I understand why the gay
community might feel discriminated against by society at large. They want equal
rights as those enjoyed by non-gays. Moral arguments aside, fair enough. But is
it really necessary for one to announce or declare their sexual orientation to
the public? Why is it necessary to let the whole world know how you like your
dessert served, and by that I mean how you like to have sex?
Every human being has a
right to choose whom they want to have sex with and how, as long as it is
consensual. I may not agree with the choices that some folks make. There may
even be religious and moral arguments against those choices. Whatever. What I am concerned about is this need by
homosexuals to “come out” and let everyone know what they get up to in the
bedroom.
As a heterosexual, I have
never found it necessary to announce that I like women. I have never had to. It
is none of anyone’s business but mine and whoever I am involved with.
Conversely, I really do not care what other people do behind closed doors. As a
practising Christian, I know that I should probably be breathing fire every
time homosexuality is mentioned, but honestly, I just cannot summon that righteous anger that might be expected of me.
I. Just. Don’t. Care.
I respect Binyavanga as an
accomplished writer. He is a talented prose writer and I have enjoyed his works.
And that is the extent to which I am familiar with him. I do not know him personally;
therefore I have had no opinion on his sexual preference. Until now. Because of
his public coming out, I will now know him as that homosexual writer, not in any derogatory way, but because that
is how, by commission, he has chosen to cloak himself.
I have read some online
comments by fans of his works. Some are supportive of him; others not so much.

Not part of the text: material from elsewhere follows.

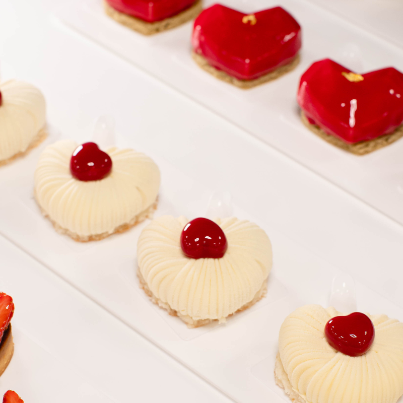 Cupido 30, to zestaw do walentynkowych mini deserów w kształcie serca. W zestawie znajduje się forma silikonowa oraz dwustronny wykrojnik. Dopracowany w najdrobniejszych szczegółach kształt pozwala na tworzenie zaskakujących Walentynkowych kreacji! Forma o wymiarach dł. 45 mm x szer. 44 mm x wys. 24 mm i pojemności 30 ml. Zestaw pozwala na jednorazowe przygotowanie 15 mini deserów.
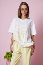 Нижние срезы футболки и рукавов обработаны швом вподгибку.

Some are actually offended by his homosexuality that they have decided that he
must not be a very good writer after all. Which is a ridiculous premise of
course, but there you are. You cannot argue with people’s stupid opinions.
"I'M 'COMING OUT' OF MY STUPIDITY!!!" |
But when a person in the
public eye makes the decision to declare their sexual orientation, particularly
if said orientation is not very acceptable, they must understand that the
public will from that point on define
them by their sexual preference. I find that to be unnecessarily distracting.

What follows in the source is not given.